Face à cette injustice, leurs revendications visant à être mieux reconnus se sont trop souvent confrontées au mépris et au mutisme du gouvernement français.
Pire : l’histoire des tirailleurs sénégalais a longtemps été passée sous silence.
Marginalisés dans les manuels scolaires, écartés des grandes commémorations nationales, invisibles dans le répertoire des monuments de la capitale française, leur rôle et leur mérite dans la défense et la libération de la France sont très insuffisamment mis en valeur…
Rendez-vous compte : la décristallisation totale des pensions militaires des anciens tirailleurs n’a été opérée qu’en janvier 2011, 66 ans après la fin de la guerre !

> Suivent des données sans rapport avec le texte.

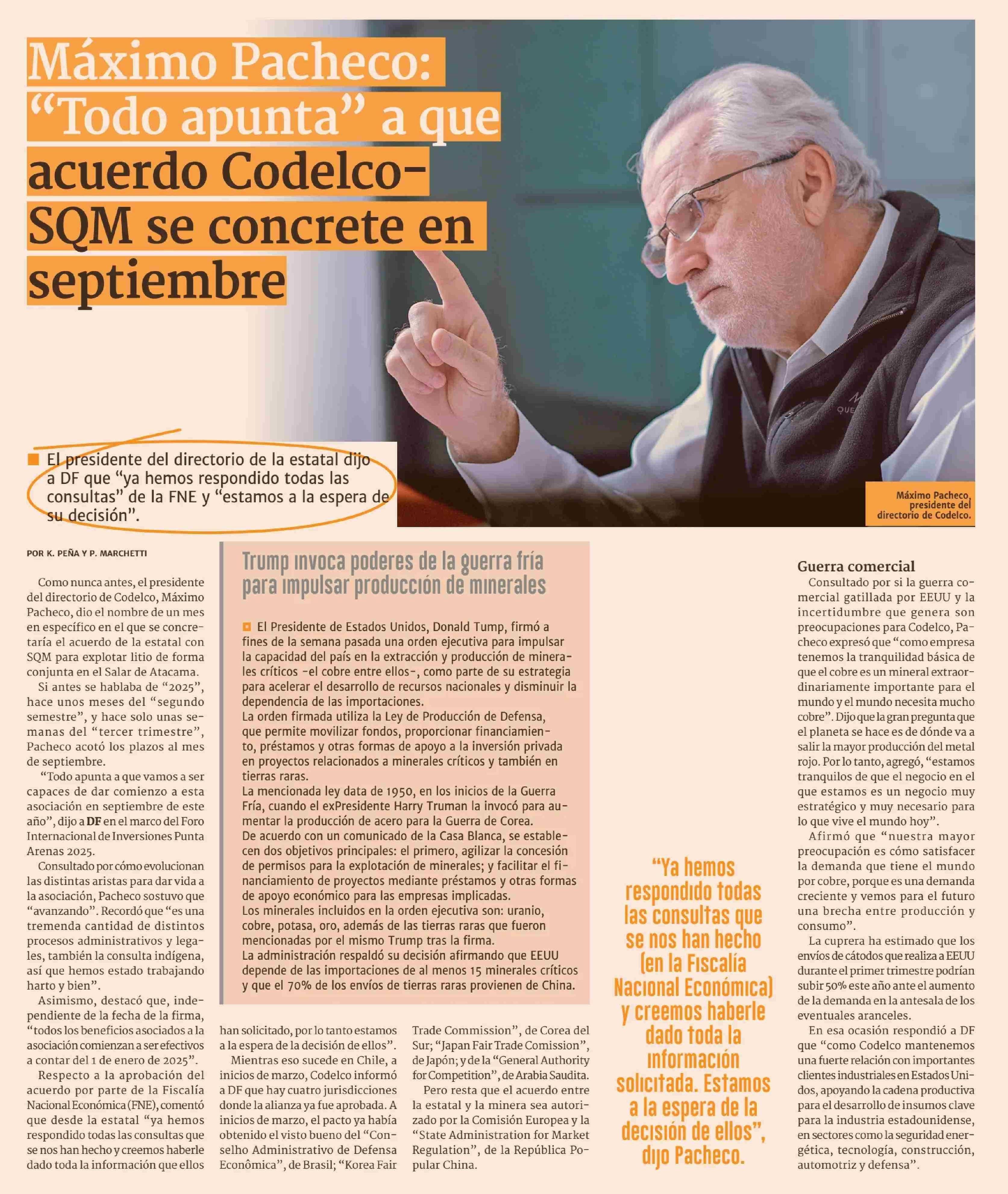 Máximo Pacheco: "Todo apunta" a que acuerdo Codelco- SQM se concrete en septiembre 25-03-2025 Diario Financiero |
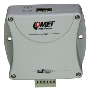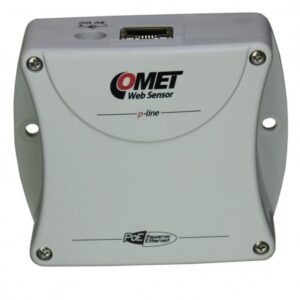 Jednokanálový snímač p-line Web Sensor pro digitální sondu teploty a případně relativní vlhkosti (maximálně 2 měřené veličiny). Komunikace prostřednictvím sítě Ethernet.
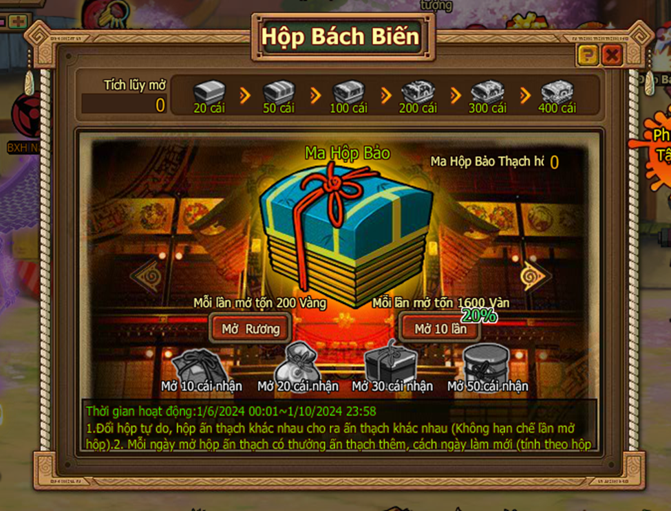 3. Mở các loại hộp tổng tích lũy nhận hộp thưởng tích lũy Bách biến ma hộp.

Il faut dire que cela ne coûtait plus très cher à l’Etat, le nombre de personnes concernées ayant fondu comme neige au soleil…

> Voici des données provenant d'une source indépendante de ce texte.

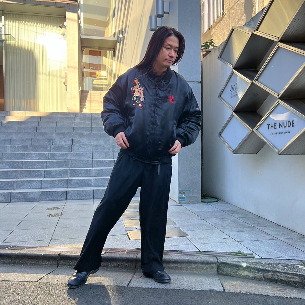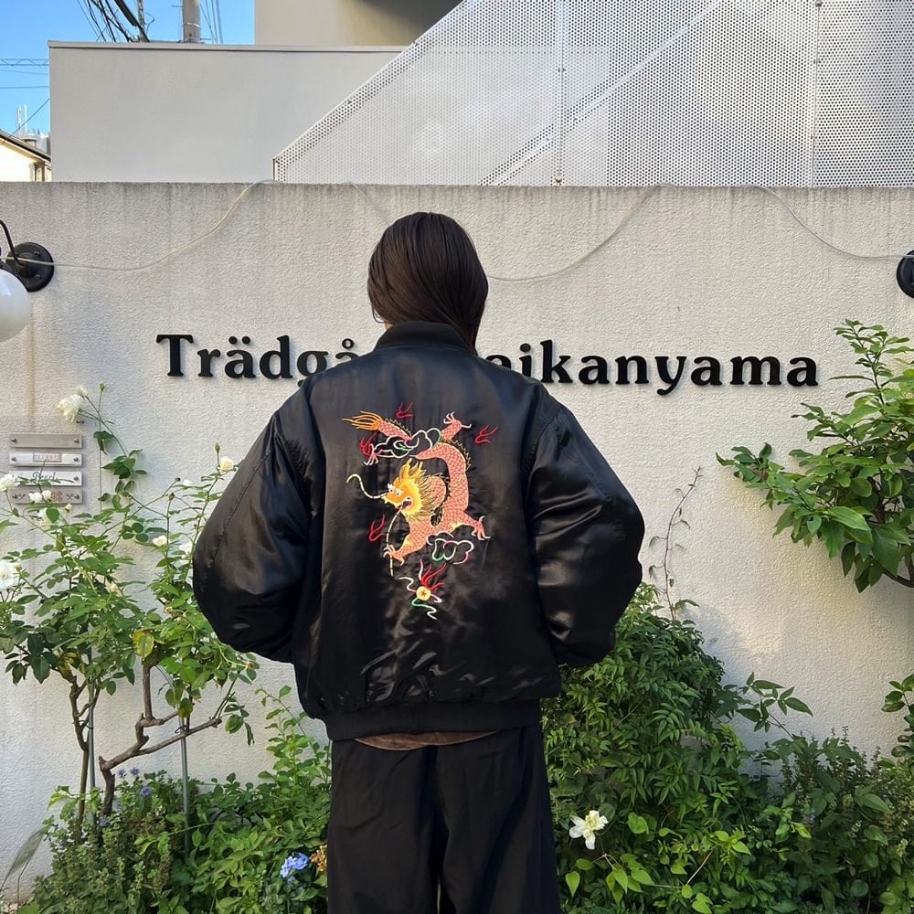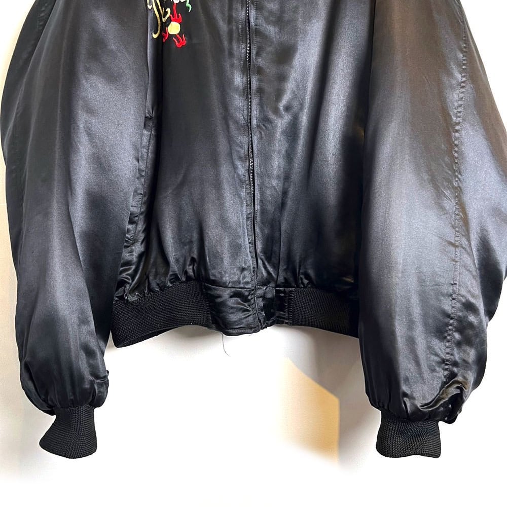 This souvenir jacket from the 80s has a nice dragon embroidery on the front and back. Its hard to find a souvenir jacket with a loose fit, but this one fits perfectly. Its made of a smooth satin fabric thats a blend of rayon and silk, and is well padded for extra warmth.
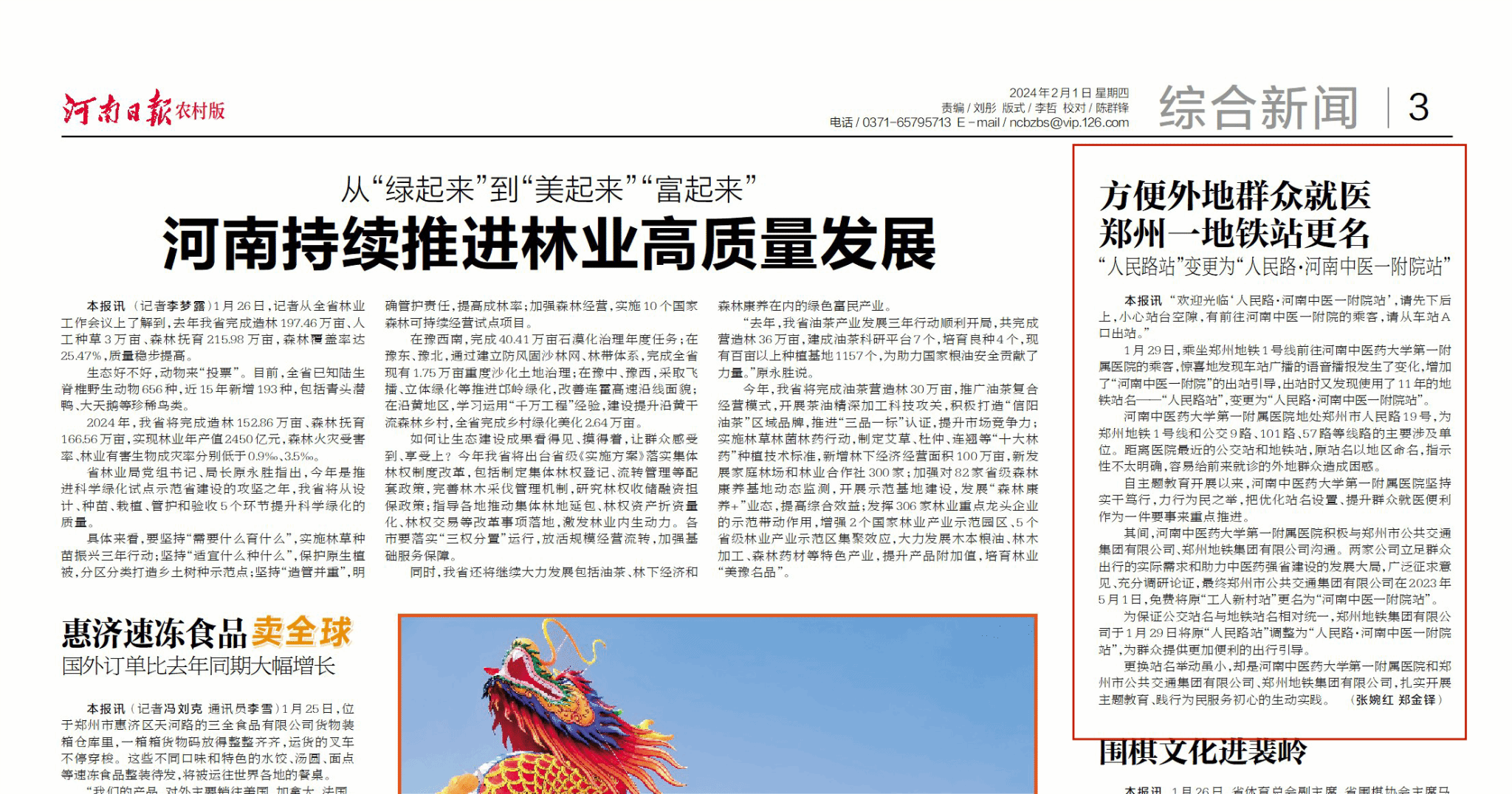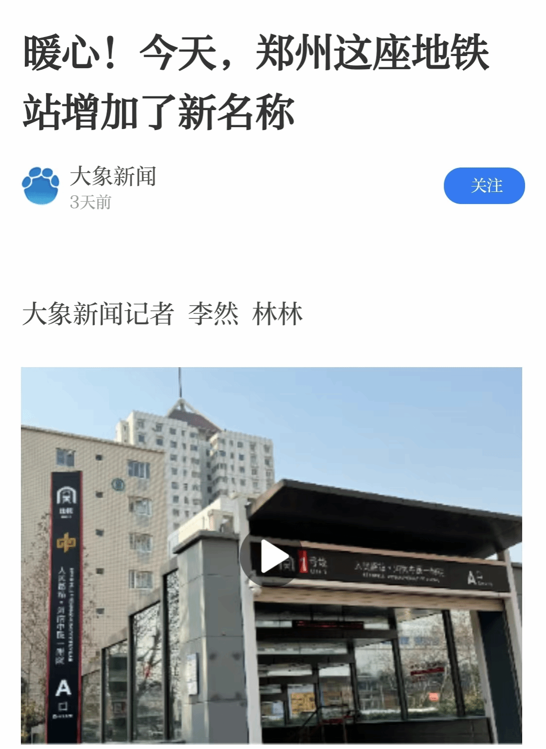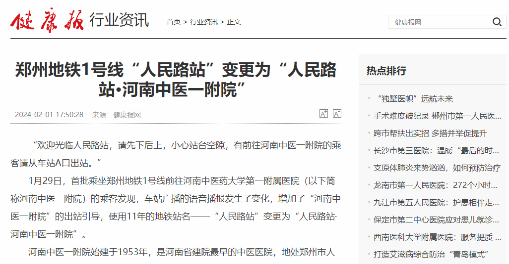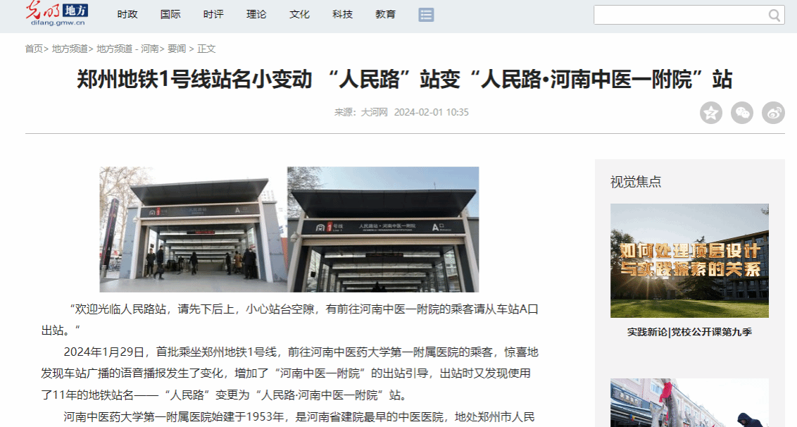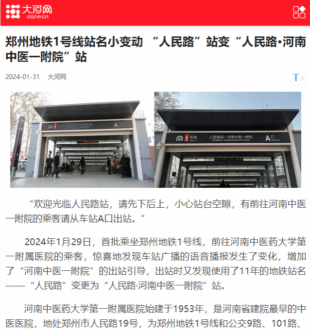 河南日报等丨郑州地铁1号线“人民路站”变更为“人民路站·河南中医一附院”

Enfin, comble de l’hypocrisie, nous voulons désormais cadenasser nos frontières aux enfants de ceux qui, un jour, nous ont aidés à les défendre.

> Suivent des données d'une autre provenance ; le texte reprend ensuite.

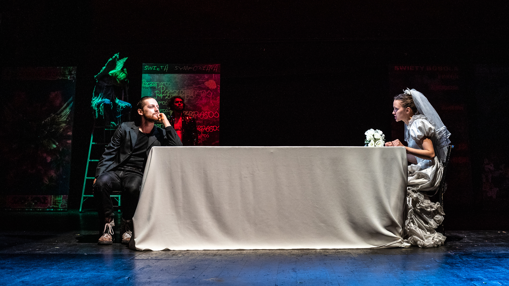 Krytycy często podkreślają, że Agata Duda-Gracz jest artystką totalną – sama pisze teksty, reżyseruje, opracowuje scenografię i kostiumy, przygotowując w pełni autorskie spektakle. Nie inaczej było tym razem – kuratorka sekcji teatralnej tegorocznej edycji festiwalu tworzyła każdy aspekt festiwalowej premiery: Ustawienia ze świętymi, czyli rozmowy obrazów Wraz ze studentami IV roku Akademii Teatralnej im. A. Zelwerowicza stworzyła dzieło przejmujące i niezwykle plastyczne.
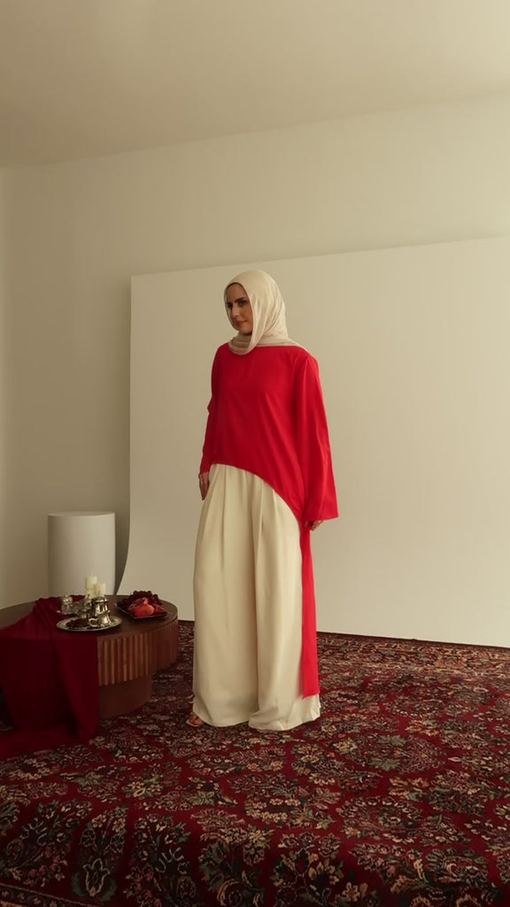 The High-Low Tunic is designed to move beautifully from iftar gatherings to year round celebrations. Its softly curved hemline creates a flattering high-low silhouette that adds dimension and elongates the figure, while maintaining full, effortless coverage. The dramatic bell sleeves bring graceful movement and a subtle touch of occasion, catching the light with every gesture.
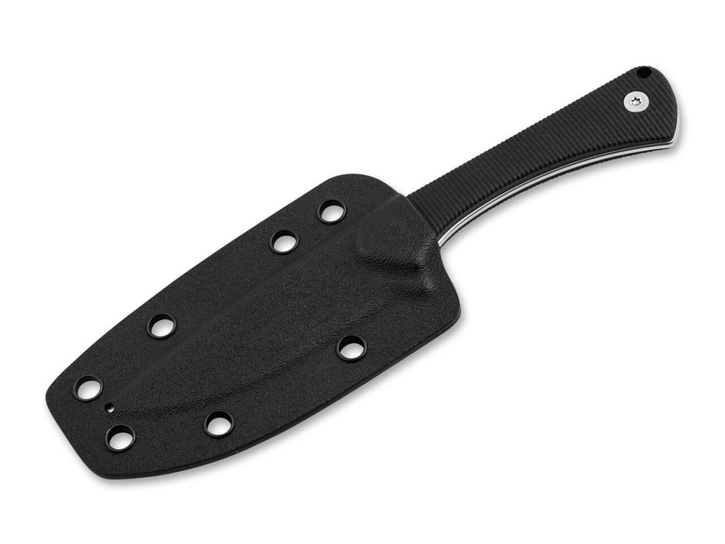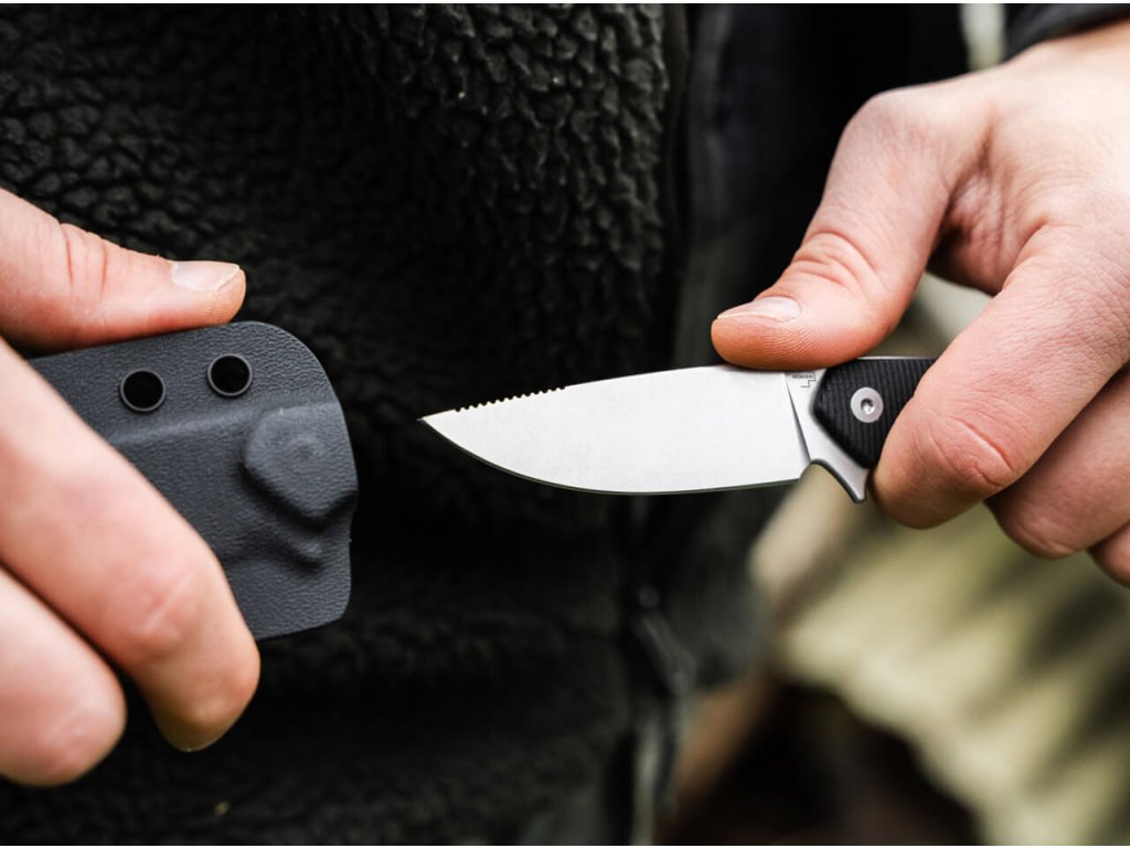 Součástí balení je černé kydexové pouzdro s přiloženým klipem na zavěšení na opasek.

Aujourd’hui, à Trévé, nous contribuons donc à réparer ces injustices répétées en inaugurant cette stèle à l’honneur des tirailleurs sénégalais mais aussi, en hommage à la population locale qui a su accueillir en toute fraternité ces hommes si différents en apparence.
C’est une initiative hautement symbolique et d’autant plus importante qu’elle est menée main dans la main avec la Ligue des Droits de l’Homme qui se bat, au quotidien, pour la défense des droits des personnes opprimées.
Je vous avoue donc ma fierté de participer à cette inauguration et espère que cette stèle permettra de faire vivre longtemps la mémoire des tirailleurs sénégalais.